● What to produce
Only the lines below between the one holding "For sale is" and the one holding "Du splitter en", inclusive, are to be reproduced word for word; the pictures are to be left out.

==========

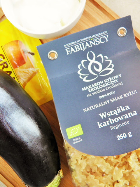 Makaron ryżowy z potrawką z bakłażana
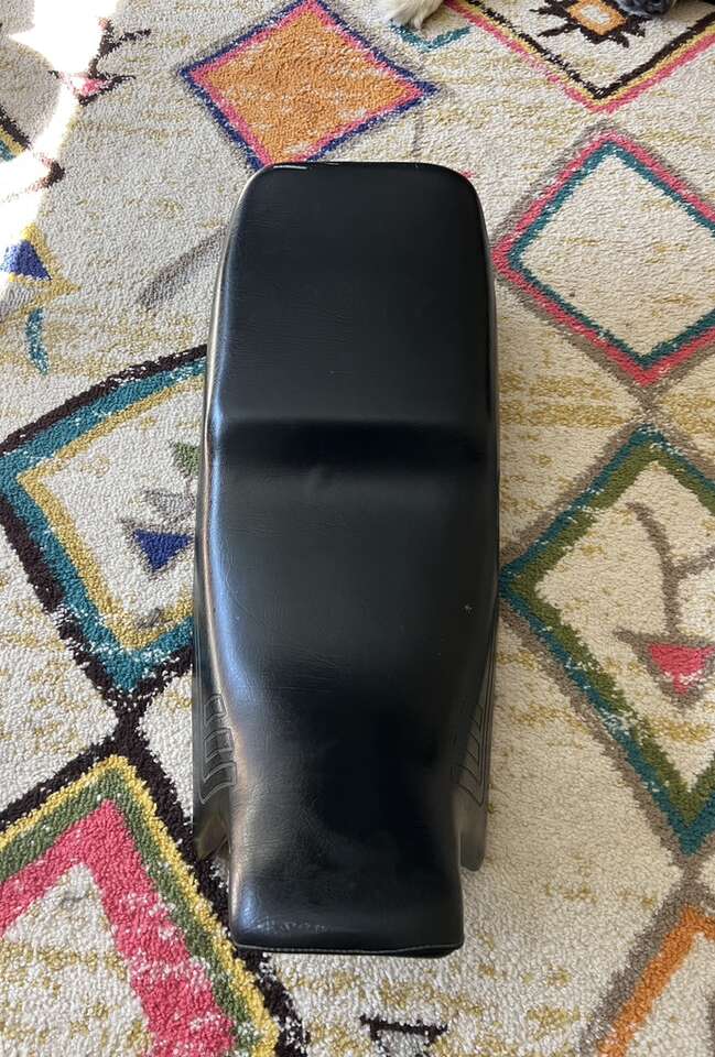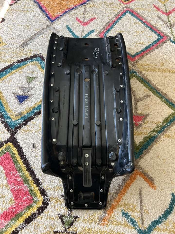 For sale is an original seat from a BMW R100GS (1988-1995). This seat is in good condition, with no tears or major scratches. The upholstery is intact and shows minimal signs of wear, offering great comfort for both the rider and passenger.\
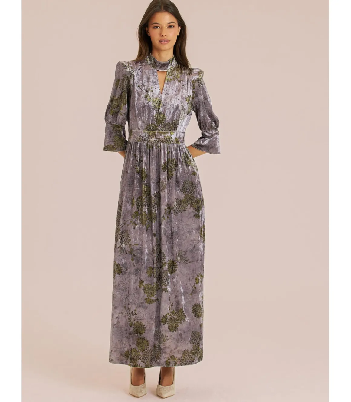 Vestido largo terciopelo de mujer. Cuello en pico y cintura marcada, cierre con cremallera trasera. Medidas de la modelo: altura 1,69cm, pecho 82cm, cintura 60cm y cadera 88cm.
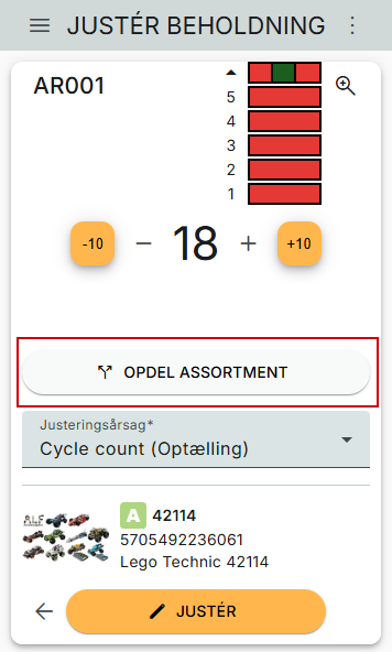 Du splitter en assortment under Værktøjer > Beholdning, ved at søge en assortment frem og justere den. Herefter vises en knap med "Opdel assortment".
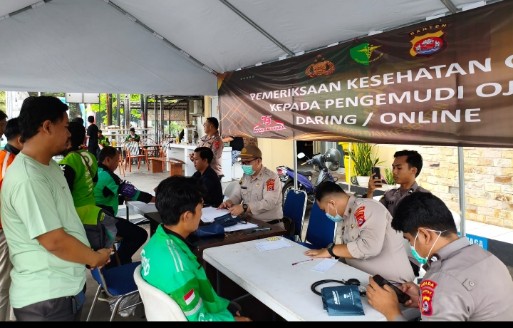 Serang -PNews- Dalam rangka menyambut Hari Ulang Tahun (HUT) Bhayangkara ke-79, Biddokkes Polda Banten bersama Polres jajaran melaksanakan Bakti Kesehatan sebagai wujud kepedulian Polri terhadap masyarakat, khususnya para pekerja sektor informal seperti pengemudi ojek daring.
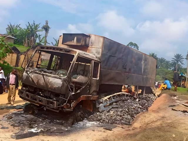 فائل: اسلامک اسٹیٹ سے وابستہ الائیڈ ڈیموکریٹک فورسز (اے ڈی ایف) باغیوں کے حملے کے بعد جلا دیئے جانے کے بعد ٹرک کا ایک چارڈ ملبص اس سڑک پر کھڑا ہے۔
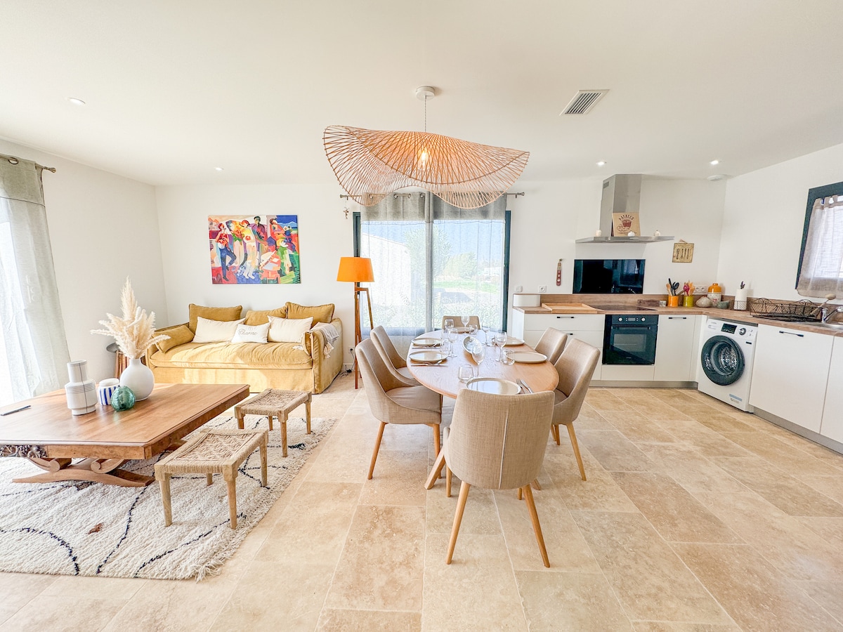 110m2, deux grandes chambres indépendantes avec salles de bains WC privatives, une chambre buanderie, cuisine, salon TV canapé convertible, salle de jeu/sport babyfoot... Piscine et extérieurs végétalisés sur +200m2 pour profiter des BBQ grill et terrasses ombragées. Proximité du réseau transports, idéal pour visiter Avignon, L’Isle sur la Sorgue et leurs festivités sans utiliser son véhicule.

==========

● Completed exercise
 For sale is an original seat from a BMW R100GS (1988-1995). This seat is in good condition, with no tears or major scratches. The upholstery is intact and shows minimal signs of wear, offering great comfort for both the rider and passenger.\
 Vestido largo terciopelo de mujer. Cuello en pico y cintura marcada, cierre con cremallera trasera. Medidas de la modelo: altura 1,69cm, pecho 82cm, cintura 60cm y cadera 88cm.
 Du splitter en assortment under Værktøjer > Beholdning, ved at søge en assortment frem og justere den. Herefter vises en knap med "Opdel assortment".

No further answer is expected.